All aboard! Figures reveal our area’s quietest and busiest stations
PUBLISHED: 07:08 17 January 2020 | UPDATED: 09:38 17 January 2020
© ARCHANT NORFOLK 2012
Rural rail stations have seen an increase in users as almost 10m people travelled across Norfolk alone by train last year.
Greater Anglia is seeing more passengers than before, with the number of estimated train users going up by 1.8pc.
According to new figures from the Office of Rail and Road, 9.7m people travelled by train across Norfolk in 2017/18, a figure which has risen to 9.9m in 2018/19.
Norwich station was the main hub of passengers, with more than 4.2m people catching the train, ranking it the 120th busiest station in the country.
The unstaffed Roughton Road station, which is on the Bitten line to Cromer, saw a significant 29.2pc increase in station users thanks to a rise in commuters and students, one of many rural stations to mark a rise.
Paul Heinrich, a North Norfolk District Councillor for North Walsham East, who is part of Community Rail Norfolk and the Bitten Line Partnership, added new housing developments may have been a contributing factor.

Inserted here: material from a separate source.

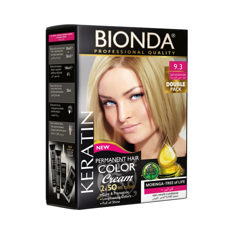 Bionda Permanent Hair Color Professional Double № 9.3 Light Golden Blond offers vibrant, long-lasting color with 100% white hair coverage. The kit includes everything needed for application, including a nourishing hair mask and protective gloves. Enriched with natural oils and proteins, it leaves hair soft, smooth, and shiny.

He said: "We are very pleased to see the continuing increase in use on the train, apart from environmental point of view but for maintaining the service."
The top 10 busiest stations in our area were Norwich, King's Lynn, Diss, Downham Market, Lowestoft, Great Yarmouth and Thetford, North Walsham, Sheringham and Cromer.
At the other end of the scale, Buckenham train station remained the area's quietest, with only 216 journeys made in 2018/19.
It also ranks as the 14th quietest in the country - but the request stop, which is only available at weekends, saw a 6.9pc increase from 2017/18.
Berney Arms in Great Yarmouth saw its usage halve in the 2018/19 year due to engineering works reducing the amount of passengers from 966 in 2017/18 to 442.
It comes despite figures in December 2018 which showed that, from July to September of that year, Greater Anglia's punctuality and reliability levels sunk to their lowest levels since 2004.
Martin Moran, Greater Anglia's commercial, customer service and train presentation director, said: "With the rising costs of travelling by car, increasingly congested roads and the need for all of us to reduce our carbon footprint, more and more people are choosing to travel by train."
Between now and Easter, all of the company's old intercity trains will be replaced with new longer trains, with up to 40pc more seats.